The material below holds pictures; leave them out and reproduce exactly the lines from the one with "Connecting the levels" through the one with "多年來(lái),已經(jī", inclusive.

## Task data
━━━━━━━━━━
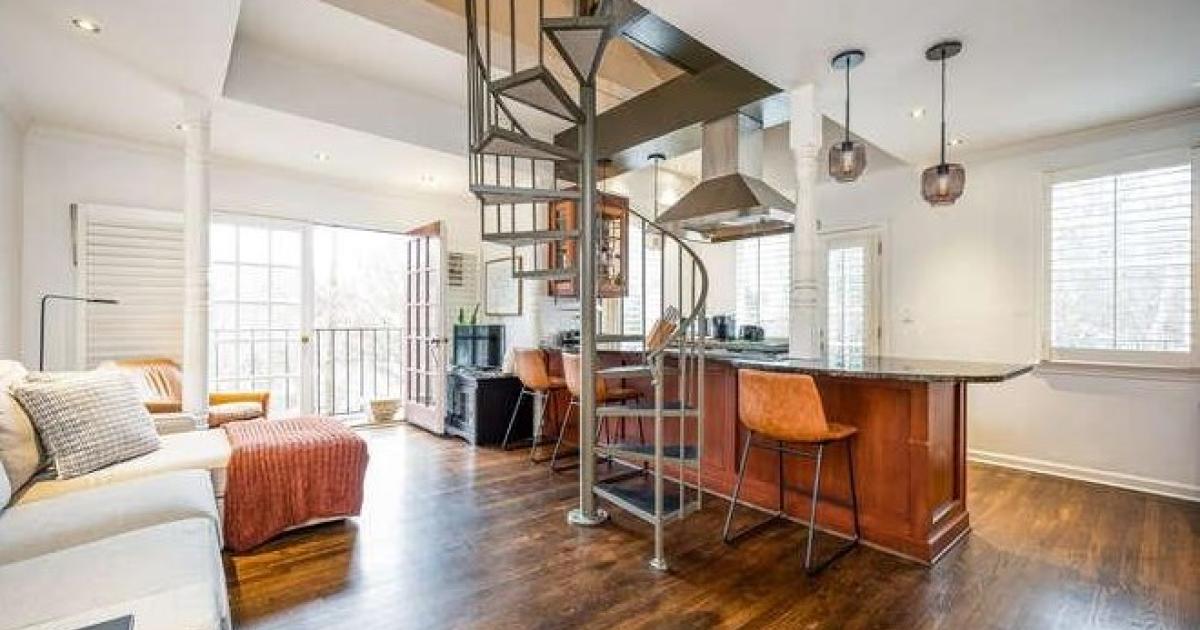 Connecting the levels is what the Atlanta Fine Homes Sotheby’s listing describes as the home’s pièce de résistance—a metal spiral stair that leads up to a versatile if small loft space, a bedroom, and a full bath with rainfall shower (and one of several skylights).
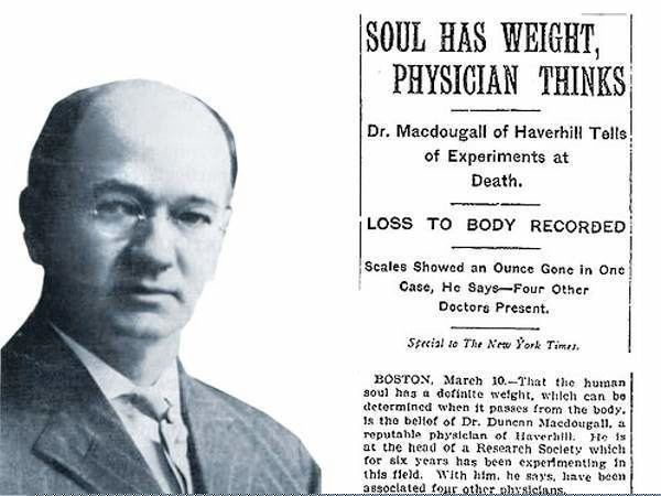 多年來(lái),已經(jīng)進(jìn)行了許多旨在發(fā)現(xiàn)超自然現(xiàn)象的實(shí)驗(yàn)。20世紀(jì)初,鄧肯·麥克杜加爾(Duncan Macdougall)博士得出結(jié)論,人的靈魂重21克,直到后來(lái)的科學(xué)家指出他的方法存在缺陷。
━━━━━━━━━━
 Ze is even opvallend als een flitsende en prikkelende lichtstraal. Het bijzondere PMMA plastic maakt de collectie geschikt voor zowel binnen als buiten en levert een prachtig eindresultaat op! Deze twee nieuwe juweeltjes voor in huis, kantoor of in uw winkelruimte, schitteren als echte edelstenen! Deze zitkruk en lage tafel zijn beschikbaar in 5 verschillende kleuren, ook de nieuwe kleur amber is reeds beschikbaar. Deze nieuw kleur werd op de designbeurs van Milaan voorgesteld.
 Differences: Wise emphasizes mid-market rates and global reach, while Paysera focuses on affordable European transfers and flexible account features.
━━━━━━━━━━
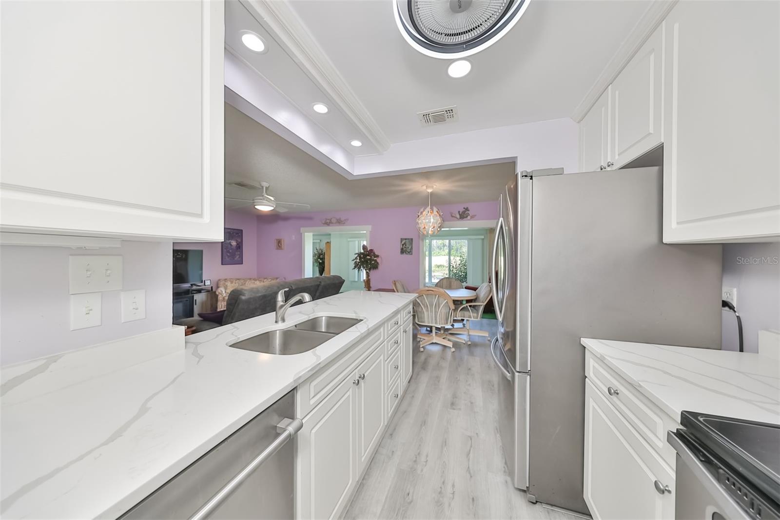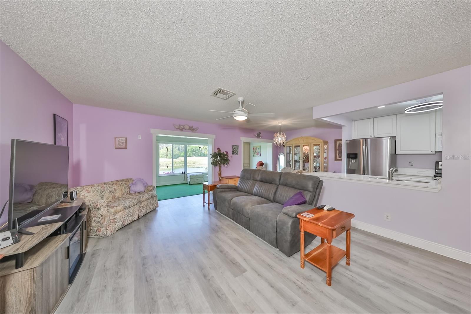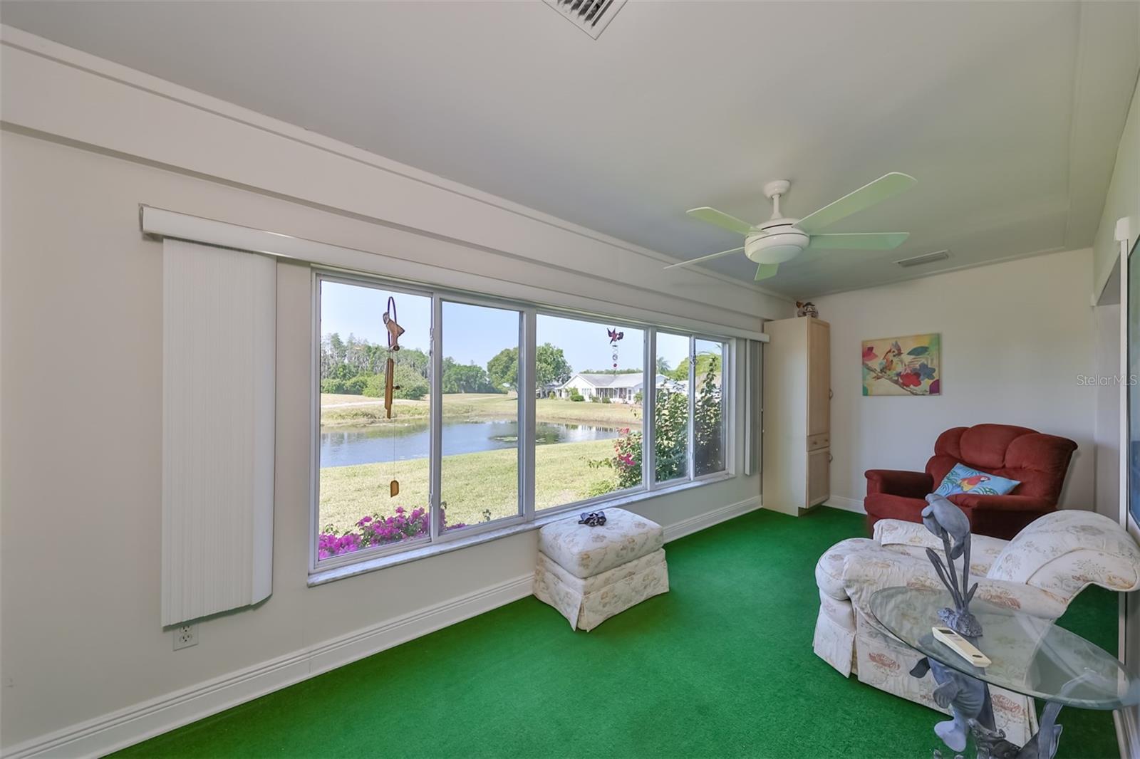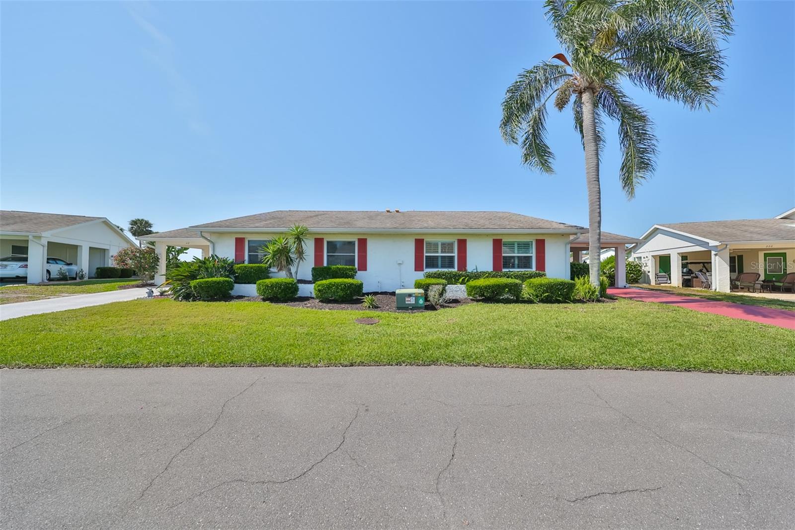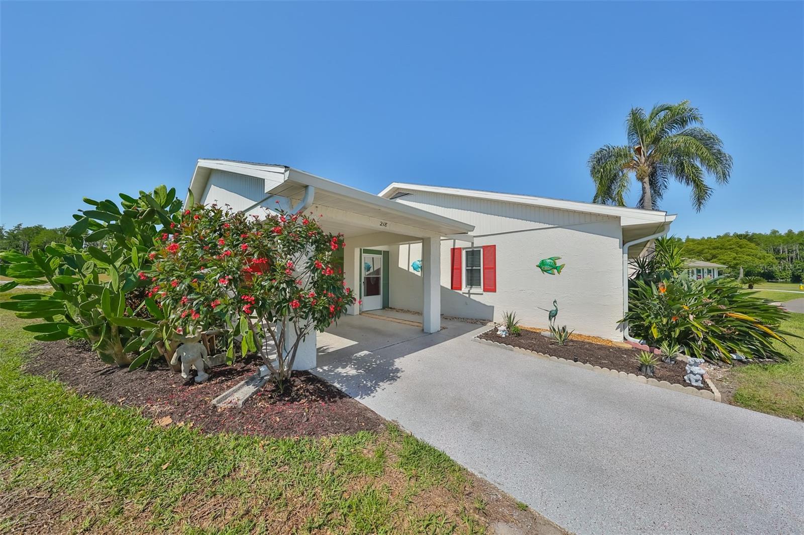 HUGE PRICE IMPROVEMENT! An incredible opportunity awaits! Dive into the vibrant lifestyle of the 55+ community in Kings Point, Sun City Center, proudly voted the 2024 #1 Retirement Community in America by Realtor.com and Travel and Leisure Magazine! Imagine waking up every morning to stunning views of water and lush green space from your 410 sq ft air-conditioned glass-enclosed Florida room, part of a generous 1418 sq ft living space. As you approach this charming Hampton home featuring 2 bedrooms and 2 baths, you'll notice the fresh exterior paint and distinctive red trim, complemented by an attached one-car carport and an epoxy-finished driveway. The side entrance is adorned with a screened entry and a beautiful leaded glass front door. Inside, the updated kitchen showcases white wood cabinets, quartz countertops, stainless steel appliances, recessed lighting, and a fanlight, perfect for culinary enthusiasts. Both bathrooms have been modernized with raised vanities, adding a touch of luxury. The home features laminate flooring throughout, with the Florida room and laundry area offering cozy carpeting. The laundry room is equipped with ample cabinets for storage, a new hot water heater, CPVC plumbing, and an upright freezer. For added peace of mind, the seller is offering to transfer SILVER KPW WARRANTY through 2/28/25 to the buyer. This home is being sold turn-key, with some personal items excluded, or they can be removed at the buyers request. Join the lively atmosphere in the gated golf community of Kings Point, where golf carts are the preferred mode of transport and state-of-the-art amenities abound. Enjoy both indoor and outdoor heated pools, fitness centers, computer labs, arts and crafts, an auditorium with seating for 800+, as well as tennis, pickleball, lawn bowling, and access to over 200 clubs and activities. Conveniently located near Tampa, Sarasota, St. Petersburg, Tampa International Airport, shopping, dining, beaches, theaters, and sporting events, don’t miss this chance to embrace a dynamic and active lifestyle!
━━━━━━━━━━
## Task result
 Connecting the levels is what the Atlanta Fine Homes Sotheby’s listing describes as the home’s pièce de résistance—a metal spiral stair that leads up to a versatile if small loft space, a bedroom, and a full bath with rainfall shower (and one of several skylights).
 多年來(lái),已經(jīng)進(jìn)行了許多旨在發(fā)現(xiàn)超自然現(xiàn)象的實(shí)驗(yàn)。20世紀(jì)初,鄧肯·麥克杜加爾(Duncan Macdougall)博士得出結(jié)論,人的靈魂重21克,直到后來(lái)的科學(xué)家指出他的方法存在缺陷。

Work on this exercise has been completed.